Thousands of children and young girls were raped last year in Sierra Leone , a silent epidemic of suffering in one of the world’s poorest countries.

According to police statistics, recorded cases of sexual and gender-based violence almost doubled last year, reaching 8,505 in a population of 7.5 million, up from 4,750 a year earlier.

And of that number, 2,579 cases , around a third , involved the rape of a minor.

But, as with the incidence of rape in almost every country, this shocking tally is almost certainly an understatement. “Mary” and her family plucked up the courage to report the crime: many do not.

“We have a culture of rape in Sierra Leone,” admitted Chernor Bah of the UN’s Global Education First Initiative at a demonstration in Freetown last month where more than 500 black-clad protesters took to the streets over violence against women.

Last month, First Lady of Sierra Leone, Fatima Bio led a national campaign against rape in the capital, Freetown.

“Our children are dying in the hospital every day, and if we give you the statistics, you’ll start crying for Sierra Leone, and if we stop this together, our children will grow up, let’s not be the ones who kill children before they do not become someone just because we want our fiancee’s money”, she said.

Just weeks before, the country had been shaken by the rape of a five-year-old girl by her 28-year-old relative.
Her attacker raped her anally, crippling her spine.

Doctors at the Aberdeen Women’s Centre in Freetown, which helps women and girls who have suffered from sexual violence and rape, said it was unlikely the child would ever be able to walk again.

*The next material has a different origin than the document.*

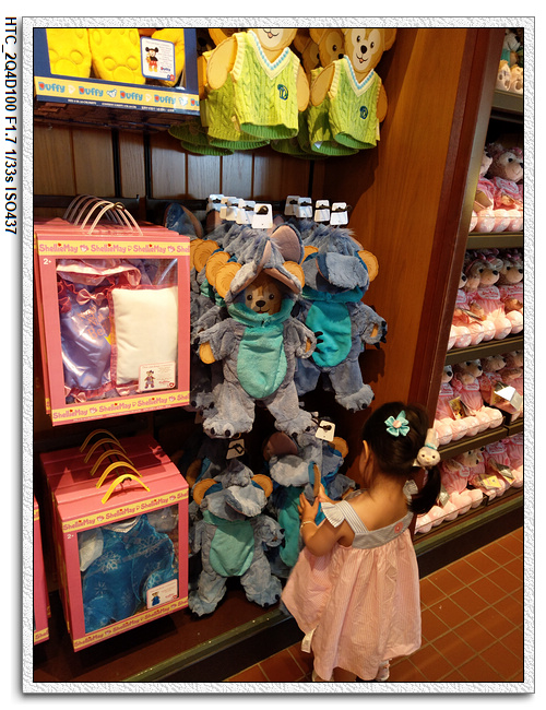 這次來到上海迪士尼,小羽一直孜孜在念要去老車站商店,網友說裡面有上海限定版達菲。這個是她來上海迪士尼的任務。

The attack sparked outrage, with many people demanding that child rapists face a lifetime behind bars, calls echoed by President Julius Maada Bio himself.

“Let me be very clear: men who rape girls deserve to be jailed for life,” Bio said as his wife launched the “Hands off Our Girls”. campaign.

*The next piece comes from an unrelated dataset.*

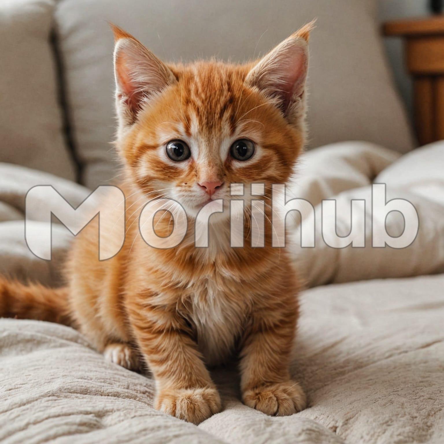 A cute cat lounges comfortably on the bed, its soft fur spreading out in a relaxed, cozy manner. The cat’s eyes are wide and curious, fixed on something just out of view. Its tail curls gently around its body. The bed beneath it is plush and inviting, creating a perfect spot for the cat to rest. The overall scene is one of tranquil contentment, with the cat’s adorable presence adding a touch of warmth and charm to the space.

Reports of rape and the sexual penetration of minors, as child rape is legally termed, have steadily increased, according to the Freetown-based Rainbo Initiative, which provides free medical services and counseling to victims of sexual and gender-based violence.

Figures collated by the centre show that in 2018, 76 per cent of rape victims were aged 15 years or younger, including babies.

The rest of the victims were aged between 16 and 20.

And every month, an average of 149 victims fell pregnant as a result of rape.